Bidding for other mega projects. We understand that MRCB is also looking to bid for jobs like extension of 2 LRT lines worth RM7b-10b and Langat 2 water treatment plant worth RM5b. Such large-scale projects would probably be shared by consortiums made up of a few established contractors. However, we understand that it is not keen on bidding for the new low-cost carrier terminal (LCCT) in Sepang.

Engineering & Construction division to drive 2009 earnings. The Group is targeting a RM400m-800m orderbook replenishment for this year. We foresee margin recovery to 3-5% from last year’s operating losses for ongoing projects this year, following the tailing off of construction jobs that have locked in higher raw material costs, and given the overall downtrend in key material costs. Management is still hoping for a potential provision write-back (about RM30m) via variation orders claims against the government for earlier engineering and construction jobs.

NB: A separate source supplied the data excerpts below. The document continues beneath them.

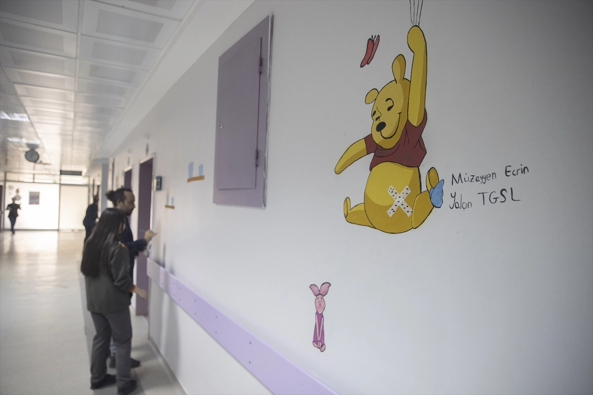Öğretmenleri ile hastaneye gelen öğrenciler, çocuk hastalıkları servisinin koridor duvarlarına çizgi film karakterlerini çizerek güzelleştirdi.
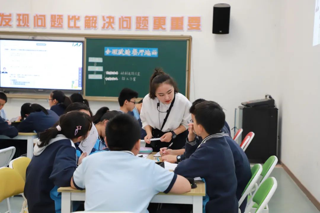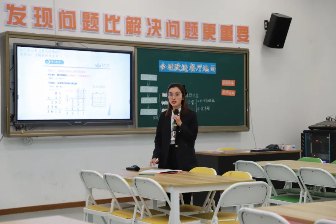 初中数学分会场上,温州高铁新城实验学校邱倩老师为大家展示《合理改造餐厅地面》项目。邱老师立足教材知识,引导学生利用二元一次方程组和不定方程求解多种可行的招工方案。课堂上,基于问题驱动,七年级学生们纷纷化身设计师,积极开展评价方案、探究影响因素、寻求解决方案等活动,在自主探究中自主落地核心素养。
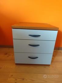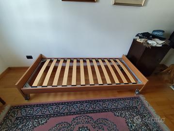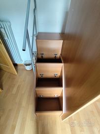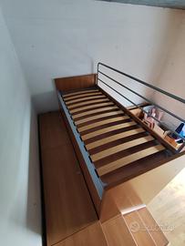 Vendo struttura letto a castello in legno. Completa di 2 letti singoli (no materassi) uno fisso nella parte superiore e uno mobile nella parte inferiore, compresi di doghe in legno, 2 comodini con 3 cassetti ciascuno. La struttura è fornita di ampi cassettoni nella parte superiore e altri più piccoli sulle scalette. Viene venduta con barra di protezione in ferro. La struttura presenta dei piccoli difetti, dovuti alla passata presenza di sticker, facilmente copribili con vernice apposita, per il resto è in ottime condizioni. Misure struttura (cm): 252 (lung.) x 190 (h) x 136 (larg.) Misure letto mobile (cm): 195,5 (lung.) x 88 (larg.) x 40 (h) Misure comodini (cm): 45 (lung.) x 45 (larg.) x 50 (h)

New property development’s earnings to be recognised in 2010. Most of MRCB’s projects in KL Sentral were delayed since last year due to the economic downturn and spike in construction cost. The Group has recently resumed new launches such as: a) Lot 348 (40:60 JV with Gapurna) of office towers and serviced apartments with GDV of RM914m, b) Lot A (CIMB Tower) with GDV of RM404m and c) Lot G parcel C and D (60:40 JV with Aseana) of office towers and hotel with GDV of RM860m. However, earnings contributions would not be significant in 2009 as construction progress is still at initial stages.

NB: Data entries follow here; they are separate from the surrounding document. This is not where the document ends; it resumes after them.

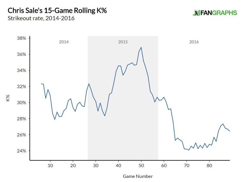 Last season was Sale’s worst ever, by FIP, largely because he recorded his lowest-ever strikeout rate compared to the league. He also lost 2 miles per hour in average fastball velocity. Whether you consider those causes for concern comes down to whether you believe that Sale lost those strikeouts and whiffs on purpose. Last March, Sale and White Sox pitching coach Don Cooper planned on implementing a pitch-to-contact approach to last longer in games; sure enough, Sale threw more fastballs, at slower speeds, and aimed for the zone more often. Although his strikeout rate rose in the second half of the season, it never approached its 2015 level.
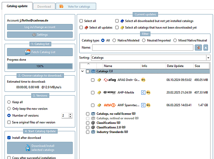 Pour pouvoir télécharger des catalogues, vous devez disposer d'un compte valide chez CADENAS.
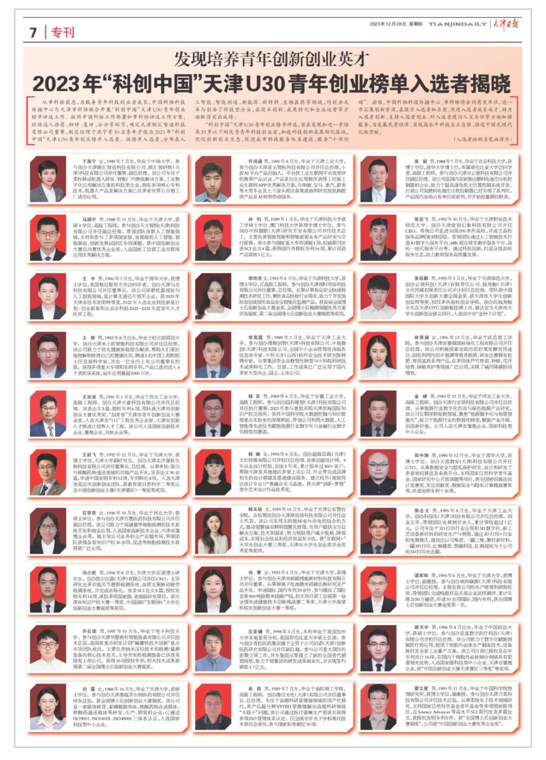 天津北洋康肽生物科技有限公司创始人王跃飞入选2023年“科创中国”一天津U30青年创业榜单
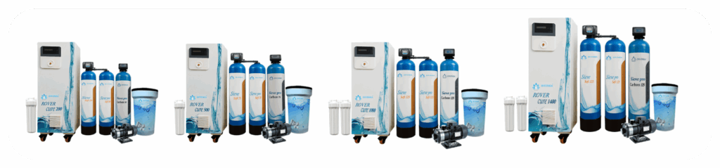 Rover cure, Sieve soft 50 (Automatic water softener) with brine tank, Sieve pro carbon 50 (Automatic Carbon Filter), Pressure tank 100 Lit., Pressure booster 0.5 HP, Single stage 20x4.5” cartridge filter.
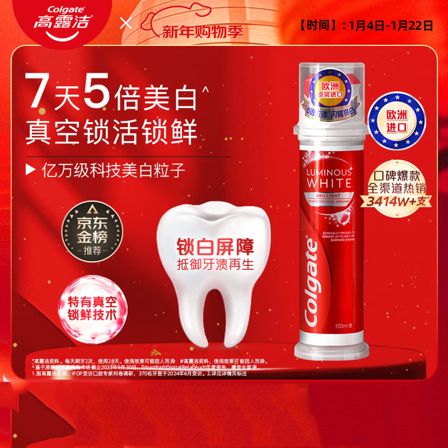 高露洁(Colgate)欧洲进口耀白去渍直立按压泵式美白牙膏100ml |
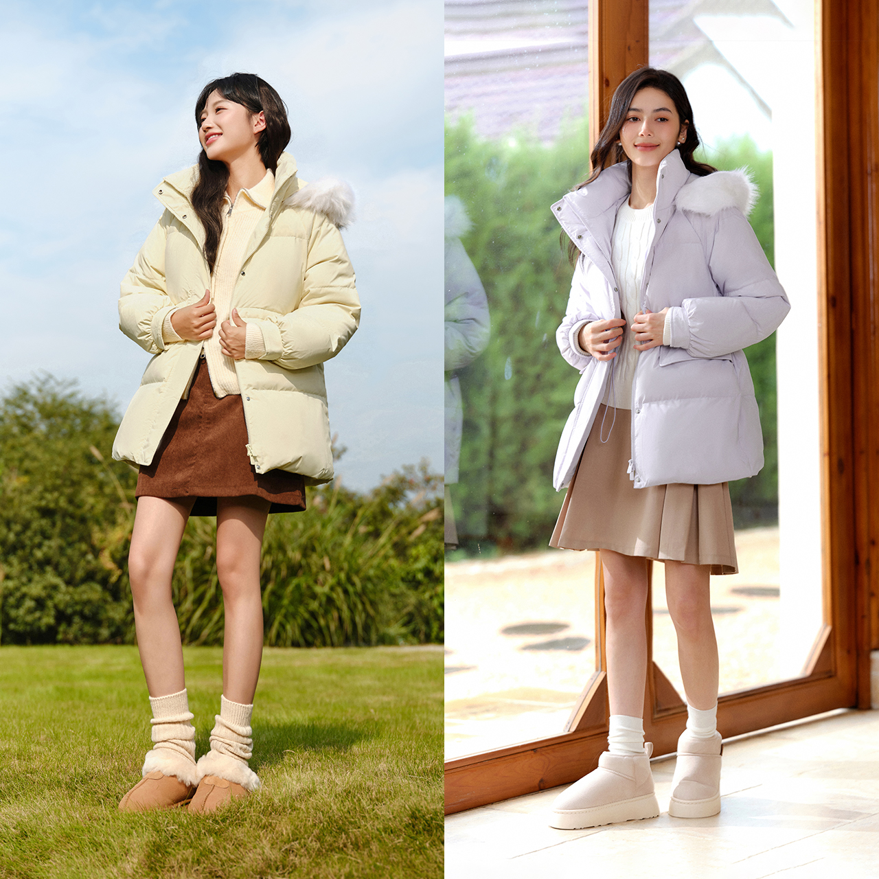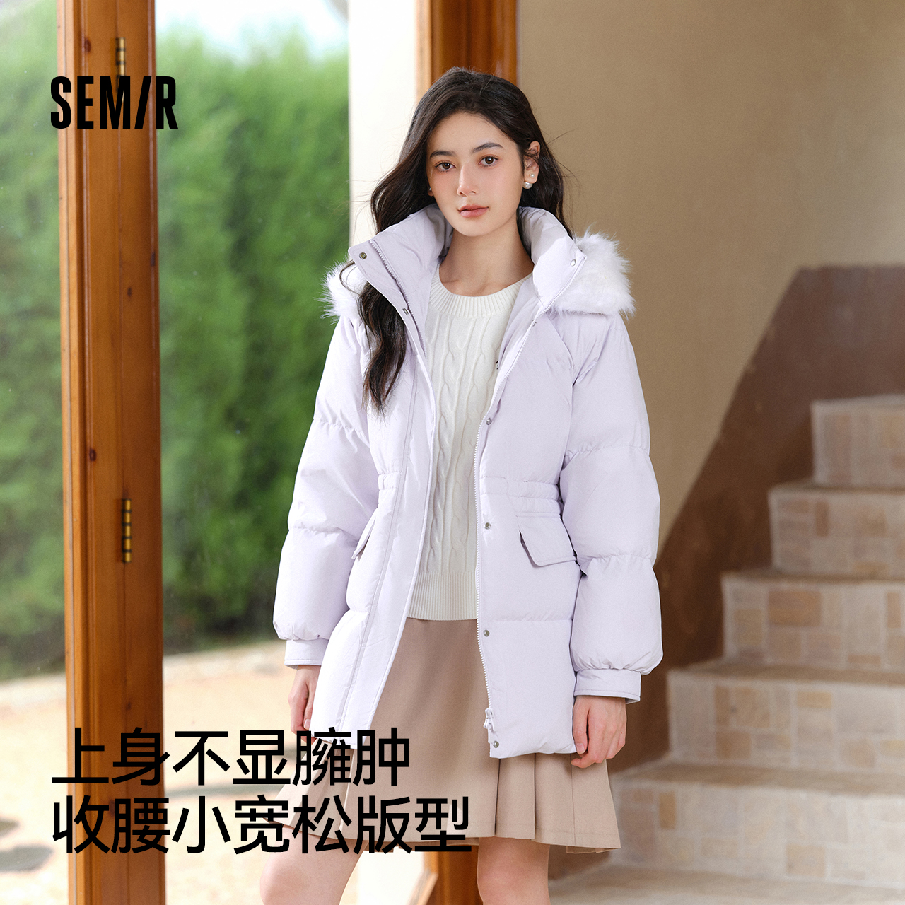 森马毛领羽绒服女2024冬新款毛领中长款外套防水防风上衣一手长

Office segment still resilient. We understand that a Korean investor is interested to buy an office tower in Lot G (Parcel C & D which consists of two office towers with GFA of 846,000sf) in KL Sentral to lease out to existing Korean companies operating in Malaysia wanting to relocate to Central Business District. We understand also that a MNC is interested to occupy 60% of Lot 348 KL Sentral with an indicative rental rate of RM7-8psf.

Still delay in proposed Penang transport hub and mixed development. MRC’s turnkey contract for the RM200m Penang Sentral Station in Butterworth has yet to start, pending issues on the land usage. The project entails MRCB venturing with Permodalan Hartanah to undertake an estimated RM2b mixed property development with a targeted completion year of 2021.

Upgrade to HOLD. We raise our fair price to RM1.28 (from RM0.97) to reflect the potentially positive newsflow of clinching mega projects, and in recognition that in the past construction cycles, MRCB’s valuation would significantly perk up ahead of ascending development expenditures (see chart on RHS). We note that MRCB features the highest beta (of 2.0) among the liquid construction companies. Our fair price is based on a 35% discount (from previous 50% discount) to RNAV of RM1.97/share, which implies a target 1.5x 2010F P/B, which is in line with its historical average P/B.